I'm a studious person and people think I'm arrogant to talk to because I know things, but when they do, they realise why I have one of the most healthiest bonds with my batchmates and seniors.
So, I thought me and that senior had become friends and I still don't doubt it, but well, one day he asked for my sister's health, and since he treated her, I thought it was just a usual concern. But well, turned out while treating my sister, he developed a liking towards her.
Unlike me, my sister is very pretty, has beautiful big eyes, graceful steps, feminine charms, girly attraction, accommodating nature and is well embellished with things most guys won't even think to find faults with (I border more on the line of Tomboy, I want to change how I walk and to learn to walk like a lady myself too but, well, it's tough.)

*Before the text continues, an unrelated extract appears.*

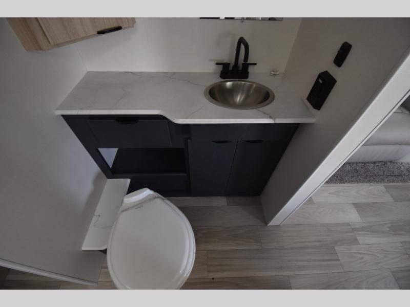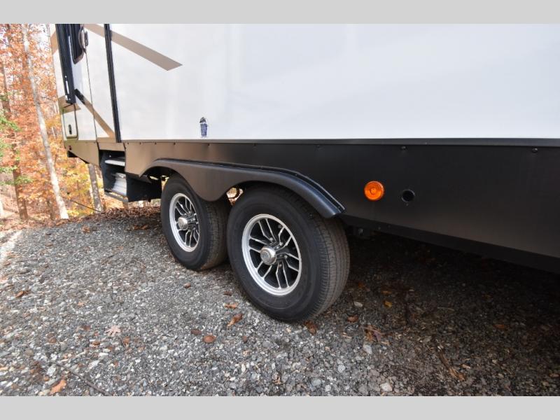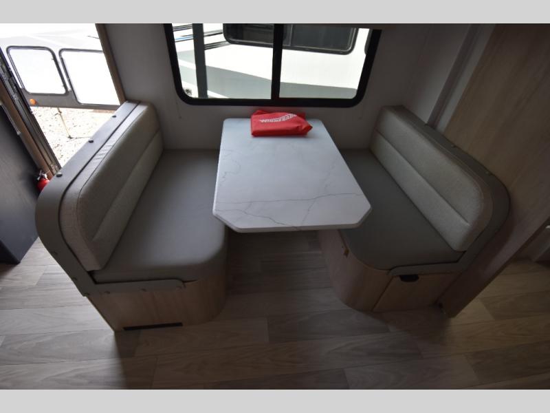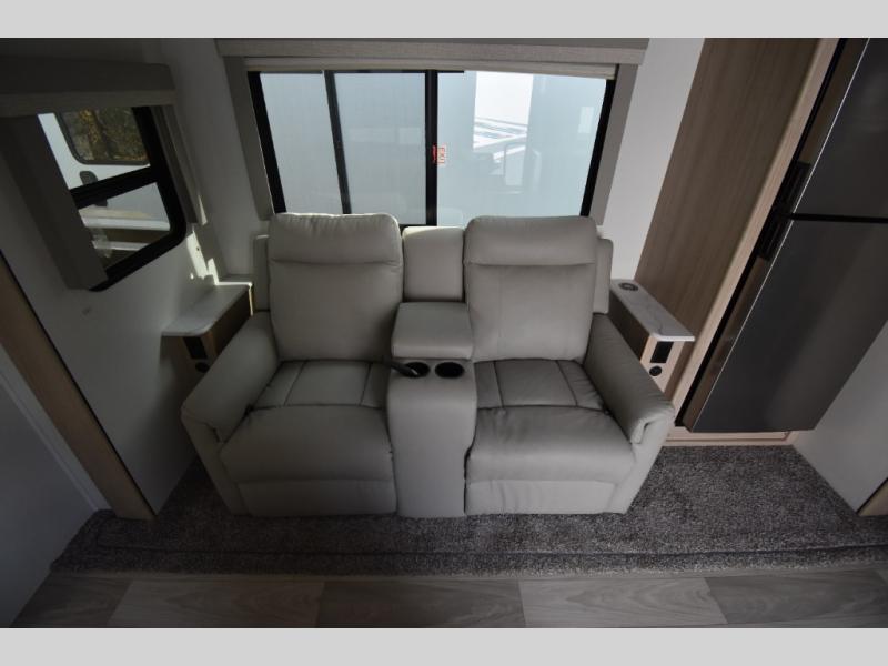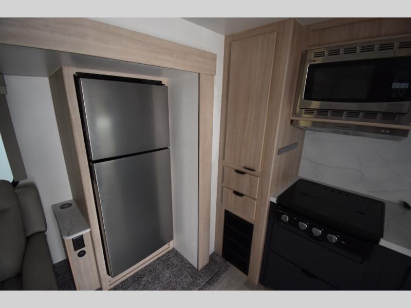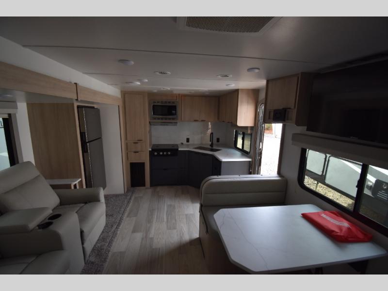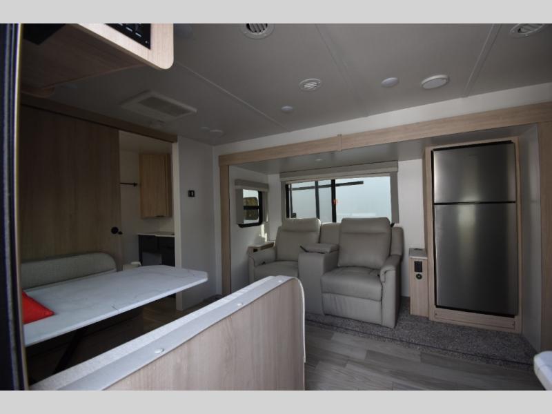 You're going to love this spacious travel trailer thanks to the tri-fold sofa slide out! There are convenient dual entry doors so you can enter in through the rear master bedroom or the front kitchen. The chef of your group is sure to appreciate ample counter space to prep meals, plus a pantry and 10 cu. ft. 12V refrigerator for food storage. Your crew can dine at the booth dinette or take your plate outdoors to sit under the 21' power awning with LED lights. Clean up in the walk-through bath before retreating to your queen bed in the rear bedroom, while your guests sleep on the furniture in the main living area!

My senior himself came from a remarkably known family of non-toxic ambitious personalities.
He asked me if he can approach her. I didn't need to answer to that. Ofc he could.
It took me days to realise that he liked my sister and wanted to talk to her.
He was a good guy, I had only ever heard positive things about him. I couldn't even fault him for feeling things even I couldn't control myself, but it somehow made me feel disgusted with myself.
That how I can even think about going after a guy who had eyes on my sister, and even begin to think I'd ever be liked by a guy who'd prefer girls of my sister's unparalleled beauty.
I don't mean to sound snide at all, but yk that feeling when everything just makes sense and you just feel embarrassed that you stepped out of your limits and worth this time.
You totally zoomed out, and your inner voice says,"Gurrll, how can you even think--even a limit has a limit and you totally embarrassed yourself with your own stupidity."
I had never held any illusion about my beauty or what-not since I went to school, and though those bad words by some of my classmates stay with me since forever(I know I shouldn't mind their words, but even those bullies had some standard beauty faces to die for), now it ironically feels refreshing that I know my limits and also know when to step back and let others take the stage.
I'm hardly anyone to jump into conclusions but when I fall, I just fall and remain loyal. I am an average looking free-spirited girl trying to get out of my terrible days but I think somehow everyone takes me too lightly and take me too close to be friends.
I had various guys approach me just because they wanted to woo my friends. I'm not that friend who'd get jealous of my friends' happiness, but somehow it hurts to see how I'm so incapable of being loved.
I just wonder if anyone would also have a crush on me and tell their girl friends just like I'm always taking those great tales of confessions from my guy friends.
How I'll always be that one "friend" they can look forward to sharing their love lives with and how much they like "that girl" but apparently, I can never be the girl they'd choose in the end.
I know it sounds so pathetic, even I'm cringing while writing it, but this video made me pour my feelings out. I still talk to that guy who once liked my sister (she said no btw) cause he's really decent, helps me and others in academics stuff, and doesn't go around flirting with just anyone. I joke a lot and he as a half-introvert laughs or says reserved things, or asks in return and I'm grateful we are friends.
I know life has very little in store for me and I guess my role in life is to comfort all the heartbroken people of the world or participate in the matchmaking of the new ones.
Sometimes I envy how guys describe the girls they fall in love with, and how these girls sound even more beautiful than they actually are, in their eyes, but I guess others don't have that comfort to see the guys' side as I have.
Those girls can just be the princesses, the queens, the leaders, the conquerors, the brides and the heartbreakers all they want, while I can just be that well-required audience present to witness one of the most incredible love stories happening or either breaking apart in the history of love.